On 03-02-2022 21:59, Ryan Novosielski wrote:
>> On Feb 3, 2022, at 2:55 PM, Ole Holm Nielsen <Ole.H.Nielsen at fysik.dtu.dk> wrote:
>> On 03-02-2022 16:37, Nathan Smith wrote:
>>> Yes, we are running slurmdbd. We could arrange enough downtime to do an incremental upgrade of major versions as Brian Andrus suggested, at least on the slurmctld and slurmdbd systems. The slurmds I would just do a direct upgrade once the scheduler work was completed.
>> As Brian Andrus said, you must upgrade Slurm by at most 2 major versions, and that includes slurmd's as well!  Don't do a "direct upgrade" of slurmd by more than 2 versions!
>> I recommend separate physical servers for slurmdbd and slurmctld.  Then you can upgrade slurmdbd without taking the cluster offline.  It's OK for slurmdbd to be down for many hours, since slurmctld caches the state information in the meantime.
> The one thing you want to watch out for here – maybe more so if you are using a VM than a physical server as you may have sized the RAM for how much slurmctld appears to need, as we did – is that that caching that takes place on the slurmctld uses memory (I guess obviously, when you think about it). The result there can be that eventually if you have slurmd down for a long time (we had someone who was hitting a bug that would start running jobs right after everyone went to sleep for example), your slurmctld can run out of memory, crash, and then that cache is lost.
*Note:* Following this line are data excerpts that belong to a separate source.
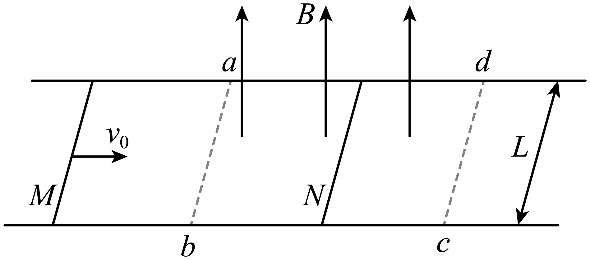 1、如图所示,两平行光滑长直金属导轨水平放置,间距为L。abcd区域有匀强磁场,磁感应强度大小为B,方向竖直向上。初始时刻,磁场外的细金属杆M以初速度v0向右运动,磁场内的细金属杆N处于静止状态。两金属杆与导轨接触良好且运动过程中始终与导轨垂直。两杆的质量均为m,在导轨间的电阻均为R,感应电流产生的磁场及导轨的电阻忽略不计。
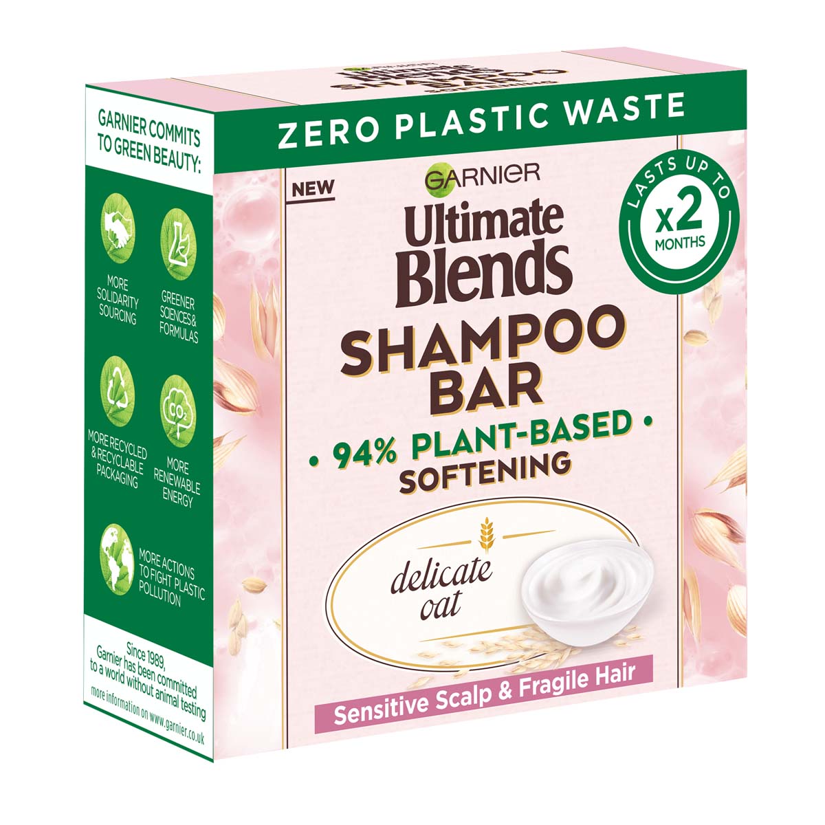 Join the shampoo revolution and try Garnier Ultimate Blends Delicate Oat Softening Shampoo Bar suitable for a Sensitive Scalp & Fragile Hair Our Delicate Oat Solid Shampoo Bar is blended in a gentle recipe, with sustainably sourced ingredients, including Oat Milk & Rice Cream to nourish & soften hair
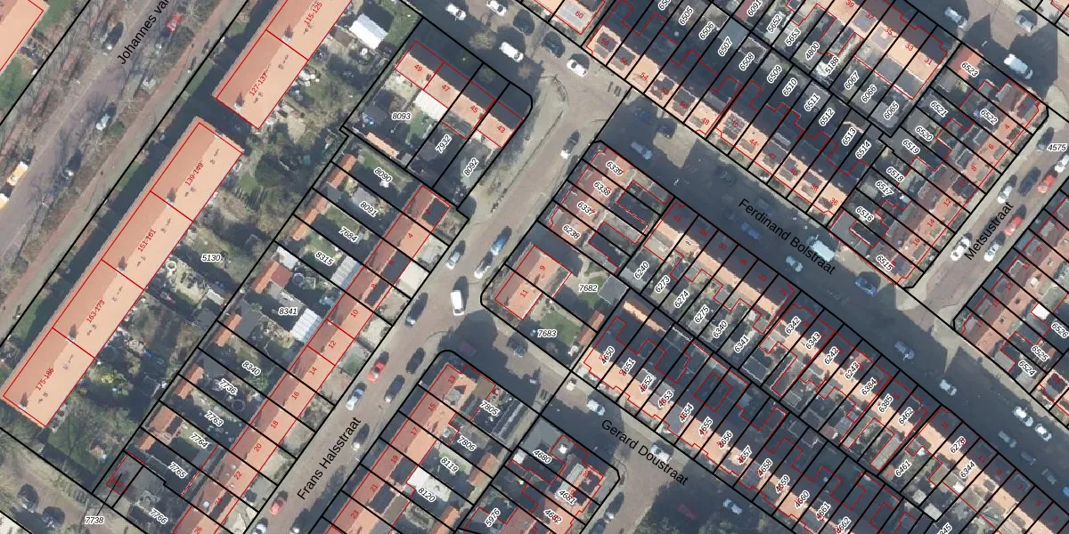 Het perceel waarop Frans Halsstraat 9 staat heeft een oppervlakte van 223 m². Dit is een middelgroot perceel. De perceeloppervlakte wordt geregistreerd door het Kadaster. Gedetailleerde informatie over de maten van dit perceel kunt u vinden in het rapport Kadastrale kaart met maatvoering van Frans Halsstraat 9.

You don’t normally see that memory being used like that, because slurmdbd is normally up/accepting the accounting data.

The slurmctld caches job state information in:
# scontrol show config | grep StateSaveLocation
StateSaveLocation       = /var/spool/slurmctld

The StateSaveLocation should retain job information even if slurmctld 
crashes (at least the data which have been committed to disk).

The StateSaveLocation file system must not fill up, of course!  There 
are also some upper limits to the number of records in 
StateSaveLocation, but I can't find the numbers right now.